Could you restate the whole listing below word for word, minus the pictures?

(Recorded data Opens)

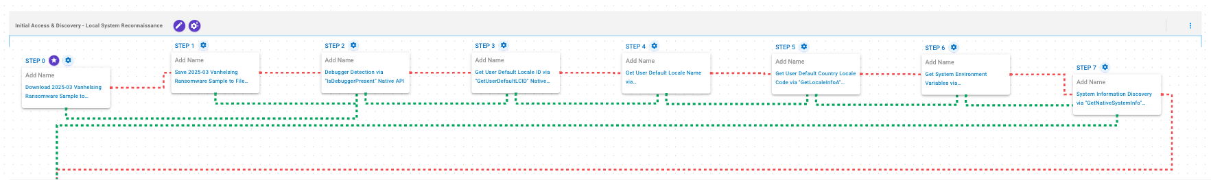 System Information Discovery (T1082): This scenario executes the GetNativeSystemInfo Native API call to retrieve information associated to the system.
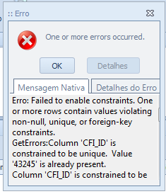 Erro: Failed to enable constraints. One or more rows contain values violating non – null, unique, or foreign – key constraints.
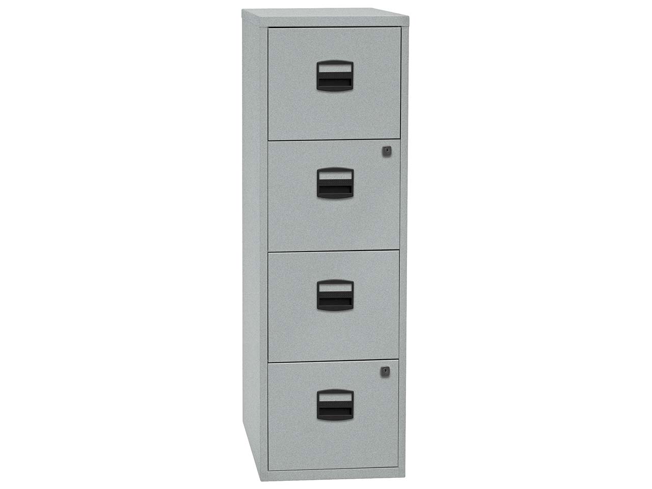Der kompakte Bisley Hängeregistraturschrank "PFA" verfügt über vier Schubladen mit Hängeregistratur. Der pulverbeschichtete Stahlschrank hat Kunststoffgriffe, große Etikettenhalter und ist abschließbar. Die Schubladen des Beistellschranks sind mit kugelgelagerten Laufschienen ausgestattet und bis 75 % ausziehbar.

(Recorded data Closes)

• _Solution to this task_
 System Information Discovery (T1082): This scenario executes the GetNativeSystemInfo Native API call to retrieve information associated to the system.
 Erro: Failed to enable constraints. One or more rows contain values violating non – null, unique, or foreign – key constraints.
Der kompakte Bisley Hängeregistraturschrank "PFA" verfügt über vier Schubladen mit Hängeregistratur. Der pulverbeschichtete Stahlschrank hat Kunststoffgriffe, große Etikettenhalter und ist abschließbar. Die Schubladen des Beistellschranks sind mit kugelgelagerten Laufschienen ausgestattet und bis 75 % ausziehbar.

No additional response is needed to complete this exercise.